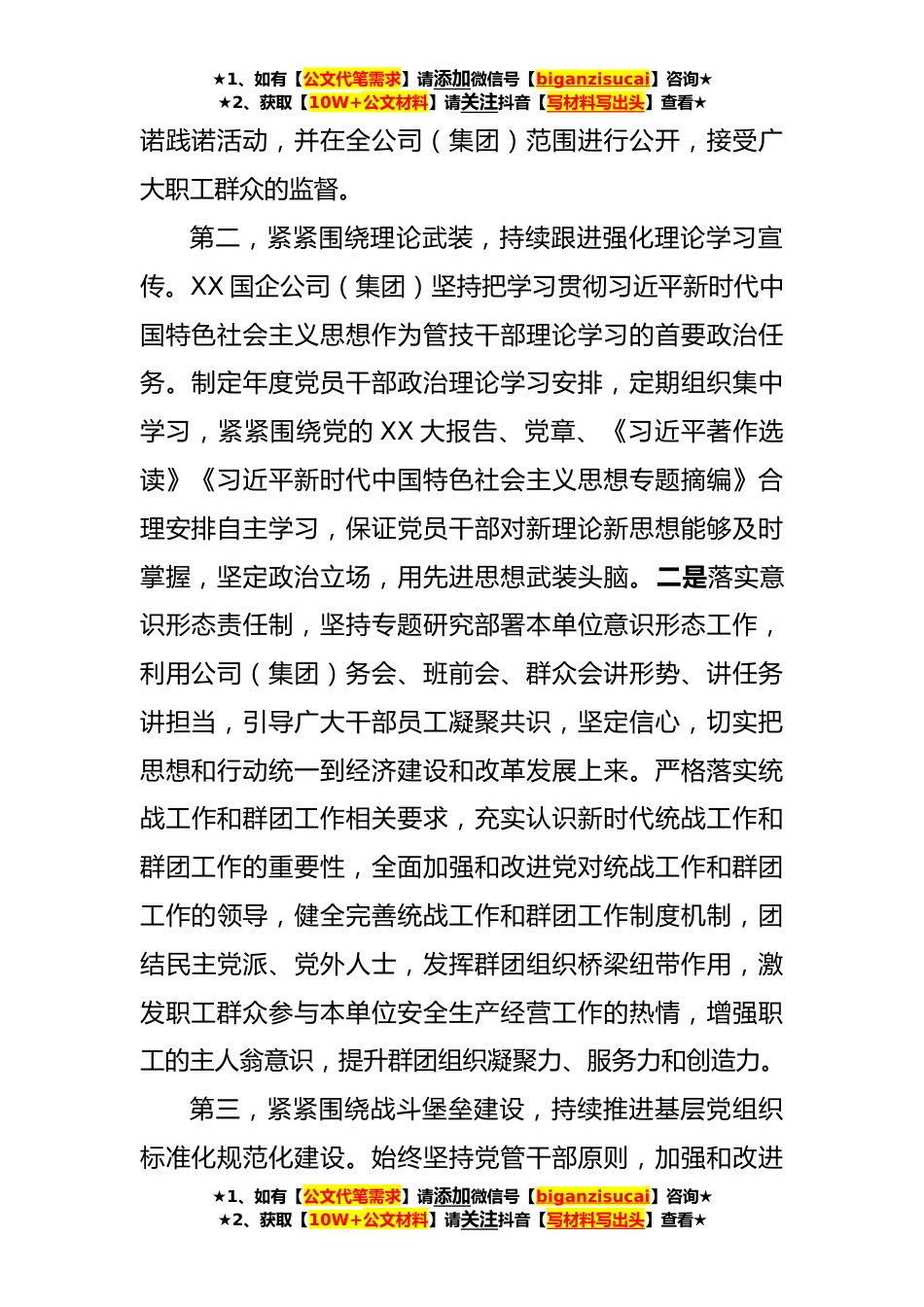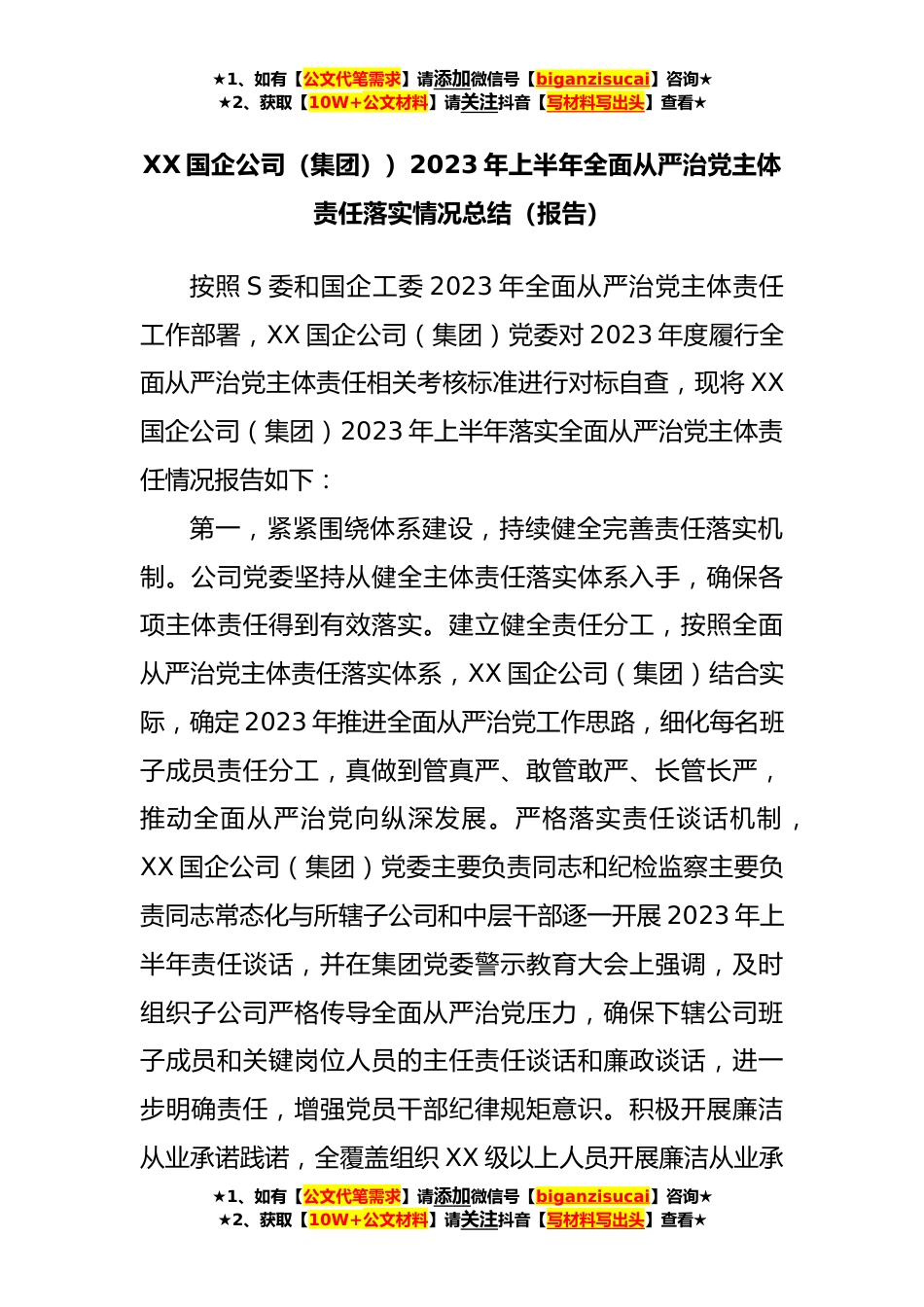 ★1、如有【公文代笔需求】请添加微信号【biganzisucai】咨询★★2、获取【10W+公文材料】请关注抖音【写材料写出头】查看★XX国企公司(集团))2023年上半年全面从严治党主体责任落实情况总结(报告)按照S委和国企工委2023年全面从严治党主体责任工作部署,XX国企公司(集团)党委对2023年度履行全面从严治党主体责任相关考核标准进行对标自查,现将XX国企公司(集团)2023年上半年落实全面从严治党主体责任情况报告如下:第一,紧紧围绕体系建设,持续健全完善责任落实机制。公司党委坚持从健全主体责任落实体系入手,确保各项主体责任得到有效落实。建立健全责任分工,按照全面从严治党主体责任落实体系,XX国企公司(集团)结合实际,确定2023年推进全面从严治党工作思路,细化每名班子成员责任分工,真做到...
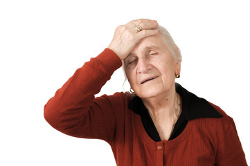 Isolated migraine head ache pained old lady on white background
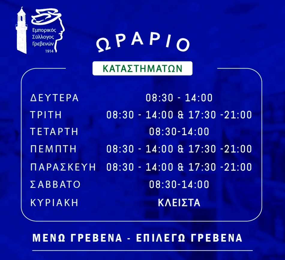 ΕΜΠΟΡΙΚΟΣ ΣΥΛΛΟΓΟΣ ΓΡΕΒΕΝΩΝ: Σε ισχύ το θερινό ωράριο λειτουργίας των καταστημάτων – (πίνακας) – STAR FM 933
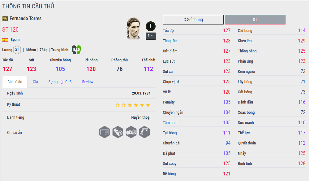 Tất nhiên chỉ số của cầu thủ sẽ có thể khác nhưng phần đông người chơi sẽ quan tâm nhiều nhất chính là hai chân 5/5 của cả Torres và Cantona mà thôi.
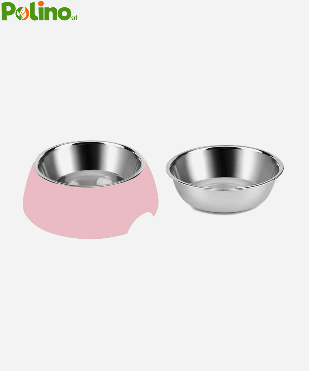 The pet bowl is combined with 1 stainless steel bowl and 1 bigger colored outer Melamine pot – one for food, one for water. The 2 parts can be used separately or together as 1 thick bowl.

....

ASSIGNED TASK.
The answer must consist solely of the lines from the one with "Tất nhiên chỉ" through the final line of the data, each reproduced exactly and with pictures omitted.

TASK SOLUTION.
 Tất nhiên chỉ số của cầu thủ sẽ có thể khác nhưng phần đông người chơi sẽ quan tâm nhiều nhất chính là hai chân 5/5 của cả Torres và Cantona mà thôi.
 The pet bowl is combined with 1 stainless steel bowl and 1 bigger colored outer Melamine pot – one for food, one for water. The 2 parts can be used separately or together as 1 thick bowl.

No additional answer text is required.